The library works as follows:

  1. Build a Prophet model to create a synthetic control group.
  2. Perform Monte Carlo simulations using the Bootstrap method to create a set of alternative random walks from the synthetic control data.
  3. Build a distribution of each mean from the complete period of the simulation.
  4. Compare the real mean of the period against this distribution using the CDF to determine the statistical significance of the effect.

Why Prophet?

Prophet is a time-series forecasting library in Python that uses statistical models to make predictions about future values based on past trends and regressors. It takes into account seasonal trends, holiday effects, and other factors that can affect the outcome variable. Prophet is robust to missing data and shifts in the trend, and typically handles outliers well. Additionally, Prophet is a simple and scalable framework that is well-documented and supported by its own community.

Why Bootstrap?

Bootstrap is a statistical procedure that involves resampling a single dataset to create many simulated datasets. This process allows us to calculate standard errors, construct confidence intervals, and perform hypothesis testing for numerous types of sample statistics. Bootstrap is a useful method for estimating the effect of an intervention because it can help us detect significant changes in the mean or variance of a time series. One of the main challenges in time series analysis is that we often have a limited amount of data, especially when studying the effects of a specific intervention. Bootstrap is a non-parametric method that does not require any assumptions about the underlying distribution of the data, making it a flexible method that can be applied in a wide range of situations.

Installation

tscausalinference can be installed using pip:

!pip install tscausalinference

Example Usage

The tscausalinference function takes the following arguments:

  • data: the time series data as a Pandas DataFrame
  • intervention: the time period of the intervention as a tuple of start and end dates
  • regressors: optional list of regressors to be included in the Prophet model
  • seasonality: boolean indicating whether to include seasonality in the Prophet model
  • cross_validation_steps: number of steps to use in cross-validation for Prophet model tuning
  • seasonality_mode: optional string to be included in the Prophet model, default 'additive'
from tscausalinference import tscausalinference as tsci
import pandas as pd

# Load data
df = pd.read_csv('mydata.csv')
intervention = ['2022-07-04', '2022-07-19']

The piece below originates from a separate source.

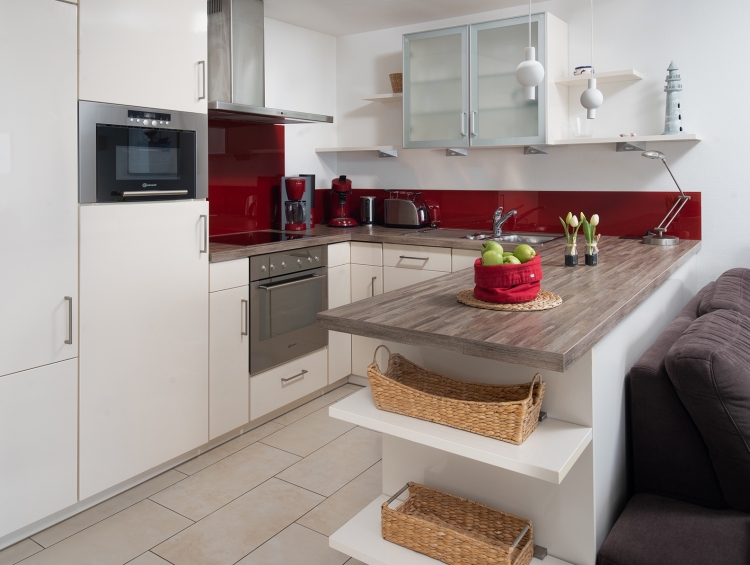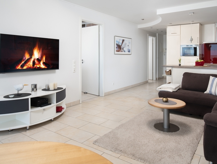 1 Schlafraum mit regulärem Doppelbett, 1 innen liegendes Schlafzimmer mit 2 Einzelbetten und 1 Wohnraum mit integrierter Einbauküche ausgestattet mit Geschirrspüler, Mikrowelle, Backofen und Tiefkühlfach. Kabelfernsehen, Stereoanlage, DVD-Player, Telefon und Internetzugang (WLAN) sowie Bügeleisen/-brett und Wäscheständer vorhanden. Badezimmer mit Dusche, WC und Fön. Größe der Ferienwohnung ca. 63 qm. Insgesamt allergikerfreundliche Ausstattung. Zusätzlicher Abstellraum zur Nutzung auf der gleichen Etage. Fußbodenheizung und zusätzliche Heizkörper in allen Räumen. Parkplatz in der Tiefgarage mit eigener E-Lade-Station (Wallbox) sowie optional zusätzlicher Außenparkplatz in unmittelbarer Nähe.

model = tsci(data = df, intervention = intervention)
model.run()

model.plot()

plot_intervention Method

model..summarization(method = 'incremental', interrupted_variable = df.set_index('ds').regressor1, window=180)
summary
-------
Each extra unit on ´y´ represents 5.23 units on your variable.

+-----------------------+------------+
 / / / /   DETAILED OVERVIEW   / / / /
+-----------------------+------------+

| METRIC                 |     VALUE |
|:-----------------------|----------:|
| Last 180 days Mean     | 1502.74   |
| Intervention Mean      | 1809.59   |
| Increase (%)           |  30.4029  |
| Variable Change        |  307      |
| Incremental Unit Value |  5.231456 |

Create your own data

from tscausalinference import synth_dataframe

synth = synth_dataframe() #Create fake data using our custom function.
df = synth.DataFrame()
Min date: 2022-01-01 00:00:00
Max date: 2022-12-31 00:00:00
Day where effect was injected: 2022-12-17 00:00:00
Power of the effect: 30.0%

Expected Schema

<class 'pandas.core.frame.DataFrame'>
Int64Index: 365 entries, 0 to 364
Data columns (total 4 columns):
 #   Column      Non-Null Count  Dtype         
---  ------      --------------  -----         
 0   ds          365 non-null    datetime64[ns]
 1   y           365 non-null    float64       
 2   regressor1  365 non-null    float64       
 3   regressor2  365 non-null    float64       
dtypes: datetime64[ns](1), float64(3)
memory usage: 14.3 KB

Checking seasonal decomposition

model = tsci(data = df, intervention = intervention)
model.run()

model.plot(method = 'decompose')

seasonal_decompose Method

Check the sensibility of your time series

You can validate before run your experiment how big should be the effect in order to be catch it.

from tscausalinference import sensitivity

model_check = sensitivity(
    df=df,
    test_period=['2023-12-25', '2024-01-05'],
    cross_validation_steps=10,
    alpha=0.05,
    model_params={'changepoint_range': [0.85,0.50],
                  'changepoint_prior_scale': [0.05, 0.50]},
    regressors=['regressor2', 'regressor1'],
    verbose=True,
    autocorrelation = False,
    n_samples=1000)
model_check.run(prior = False)
model_check.plot()

sensitivity Method

Checking p-value, simulations & distributions

model = tsci(data = df, intervention = intervention)

model.plot(method = 'simulations')

plot_simulations Method

Customizing model

model = tsci(data = df, intervention = intervention, regressors = ['a','b'],
                        alpha = 0.03, n_samples = 10000, cross_validation_steps = 15
                        )

model.summarization()
Summary
-------
During the intervention period, the response variable had an average value of approximately 295.04. 
By contrast, in the absence of an intervention, we would have expected an average response of 272.87. 
The 95% confidence interval of this counterfactual prediction is 223.68 to 321.77.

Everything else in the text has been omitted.